1903

Jan 1  Edward VII, Britain's monarch, is proclaimed Emperor of India. His mother, Queen Victoria, was Empress of India.

Jan 17  A German ship, Panther, involved in blockading Venezuela, gets aggressive and enters the lagoon of Maracaibo, near a center of German commercial activity. The ship exchanges fire with a fort but because of shallow waters can't get close enough to the fort to be effective. It withdraws.

Feb 11  In California growers have combined into the Western Agricultural Contracting Company (WACC). Japanese and Mexican beet-field laborers combine into the Japanese-Mexican Labor Association (JMLA) and accuse WACC of artificially suppressing wages. JMLA complains that WACC forces workers to pay double commissions and to buy at inflated prices at the company store.

Feb 13  With arbitration by Britain, Germany and Italy reach a settlement with Venezuela. Venezuela agrees to pay a reduced amount of its debt. The naval blockade will end in six days.

Feb 23  The Cuban-American Treaty is signed. It provides for Guantánamo Bay to be leased to the United States "in perpetuity."

Mar 23  In Oxnard, California, a strike by the Japanese-Mexican Labor Association ends after growers shoot into a crowd of strikers. One worker is killed and four injured. The growers will concede to most JMLA demands.

May 13  Samuel Gompers, founder of the American Federation of Labor, states that his union "will under no circumstance accept membership of any Chinese or Japanese." Denied membership in the American Federation of Labor, the Japanese-Mexican Labor Association will not survive. By 1910 it will have disappeared.

Jun 11  Serbia's King Alexander Obrenovic and his wife, Queen Draga, are assassinated by army officers led by Dragutin Dimitrijevic. An issue in the assassinations appears to be who would be the king's successor. Dimitrijevic will be described as in the pay of Russians (Fall of the Eagles, by C. L. Sulzberger, p.202). Dimitrijevic will be a player in future Serb crises. Obrenovic is succeeded by his younger brother, Peter I, Serbia's first strictly constitutional monarch.

Jul 7  Britain expands its rule in Africa by taking over the Fulani Empire, a Muslim theocracy in the Western Sudan.

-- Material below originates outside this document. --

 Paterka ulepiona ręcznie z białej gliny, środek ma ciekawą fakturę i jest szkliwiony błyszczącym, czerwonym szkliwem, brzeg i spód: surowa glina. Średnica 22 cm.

Jul 26  A couple of young men arrive in New York city after a sixty-three day drive from San Francisco. They drove a two-cylinder, 20 horsepower Winton. They popped many tires on what can hardly be called roads. Wheel bearings gave out and a couple of times they had to wait for parts to repair engine breakdowns. The trip is to be the subject of an October 2013 film by Ken Burns.

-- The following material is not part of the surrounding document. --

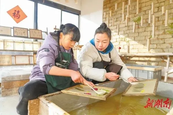 春节前夕,道官冲村民张兆媛(右)和女儿一起制作花草纸。

Aug 4  Pope Pius X becomes the 257th pope, succeeding Leo XIII.

Aug 18  England's conservatives, opposed to autonomy for the Irish, pass a land reform law for Ireland, hoping this will delay or prevent the Irish acquiring anything like independence.

Sep 29  The Kingdom of Prussia (two-thirds of the Empire of Germany), becomes the first state to require drivers licenses for operators of motor vehicles.

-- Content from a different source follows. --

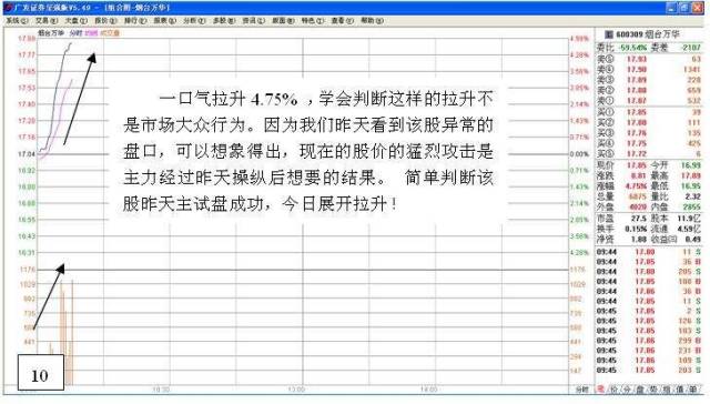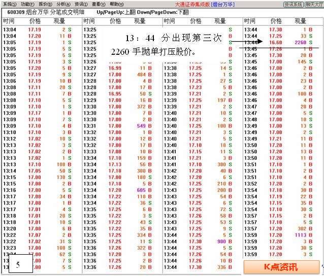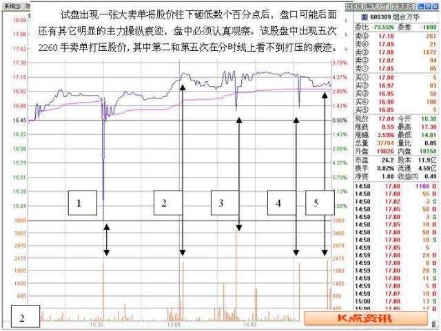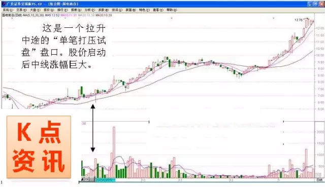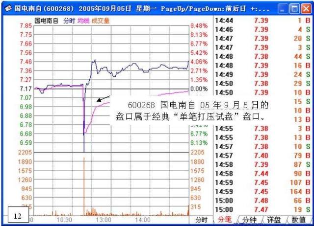 单笔打压试盘盘口是指盘中交易时在没有明显的预兆下出现一张大卖单将股价往下砸低数个百分点的主力操纵行为。单笔打压试盘出现在一般个股盘口大卖单成交后股基本在一分钟或者几笔交易中恢复原来的交易状况。【部分个股分时图中可以看到分时线的打压痕迹,不部分看不到。】小部分个股出现单笔打压试盘后分时图中分时线呈 V 字形拉起。主力用一张大卖单将股价往下砸低数个百分点的,操纵行为目的只要是了解目标个股看不见的买盘的承接力如何!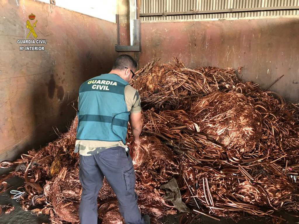 La Guardia Civil ha desarticulado una organización criminal muy activa especializada en robos de cobre a nivel nacional, la cual se le relaciona con el robo de más de 100 toneladas de cable de este metal, procedente principalmente de instalaciones agrícolas de bombeo, plantas solares fotovoltaicas y vías ferroviarias.

Oct 3  Russia has failed to withdraw its forces from Manchuria as they had promised. For a couple of months Russia and Japan have been haggling over who is to have dominant influence where in the Manchuria-Korean area between their two countries. The haggling is to continue.

Nov 17  Russia's Social Democrats are having their Second Congress. (The First Party Congress was in 1898, consisting of nine delegates, all of whom were arrested.) The Second Congress meets in Brussels, but police harrassment sends them to liberal Britain's city of London. There are fifty-six delegates. They split into two factions: the Bolsheviks (majority) and Mensheviks (minority). The Bolsheviks believe that power must be taken from the ruling class in one sweep. The Mensheviks hope for progress toward socialism without a sudden and sweeping change as to which class holds power. The Bolsheviks are a majority when a crucial vote is taken after some Mensheviks walk out.

Nov 18  The Hay-Bunau-Varilla Treaty is signed by the United States and Panama, giving the US exclusive rights over the Panama Canal Zone.

Nov 23  Bill Haywood's Western Federation of Miners has called for a sympathy strike among the underground miners to support an eight-hour day. The governor, James Hamilton Peabody, has described an insurrection as taking place and has sent out a militia to protect replacement workers. Soldiers have been rounding up union members and their sympathizers, including the entire staff of a pro-union newspaper, and jailing them without charges.

Dec 9  Imprisoned since April 1902, in August this year Stalin was transferred to Siberia. On this day he arrives at his assigned area in south-central Siberia: Novaya Uda. The Russian Empire will provide him with a little cash to survive – cheaper perhaps than having to house him in an actual prison.

Dec 17  At Kitty Hawk in North Carolina the Wright brothers make their first engine powered air flight.